Pourquoi ai-je plus faim les jours où je fais de l'exercice ?
L'exercice affecte les hormones de la faim, en particulier la ghreline et le peptide YY. Un exercice intense peut temporairement supprimer l'appétit, mais augmente souvent l'apport alimentaire global plus tard dans la journée. C'est une réponse physiologique normale, pas un manque de volonté. Enregistrer votre alimentation avec une application comme Nutrola vous aide à voir si votre consommation alimentaire après l'entraînement compense vos calories brûlées.
Puis-je prendre du muscle et perdre de la graisse en même temps ?
Oui, cela s'appelle la recomposition corporelle, et c'est plus réalisable chez les débutants, les personnes revenant à l'exercice après une pause et celles avec un pourcentage de graisse corporelle plus élevé. Cependant, la balance peut ne pas changer ou même augmenter pendant la recomposition, car le muscle est plus dense que la graisse. Suivre votre apport alimentaire avec une base de données vérifiée garantit que vous consommez suffisamment de protéines pour construire du muscle tout en maintenant le contrôle calorique nécessaire à la perte de graisse.
Combien de temps devrais-je attendre avant de juger si mon programme d'exercice fonctionne pour la perte de poids ?

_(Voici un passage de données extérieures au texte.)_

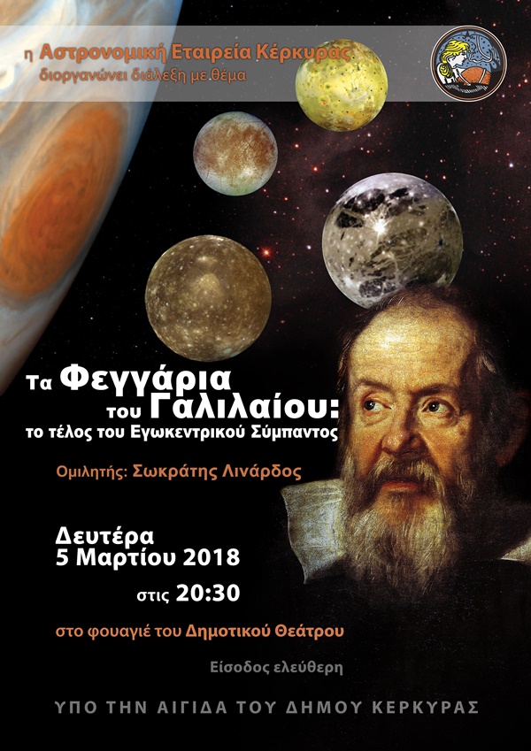 Η Αστρονομική Εταιρεία Κέρκυρας διοργανώνει διάλεξη με θέμα: “ΤΑ ΦΕΓΓΑΡΙΑ ΤΟΥ ΓΑΛΙΛΑΙΟΥ: Το τέλος του Εγωκεντρικού Σύμπαντος”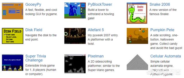 3.更多小游戏的话,可以直接到pygame官网查看,非常多,常见的俄罗斯方块、纸牌、贪吃蛇、五子棋等都有,如下:

Donnez à tout nouveau programme au moins 4 à 6 semaines avant d'évaluer. Les 1 à 2 premières semaines impliquent souvent une rétention d'eau due à l'inflammation musculaire, et le poids peut fluctuer de 2 à 5 livres uniquement à cause de l'eau. Suivez votre poids moyen hebdomadaire, vos mesures corporelles et la façon dont vos vêtements vous vont plutôt que de vous concentrer sur les lectures quotidiennes de la balance.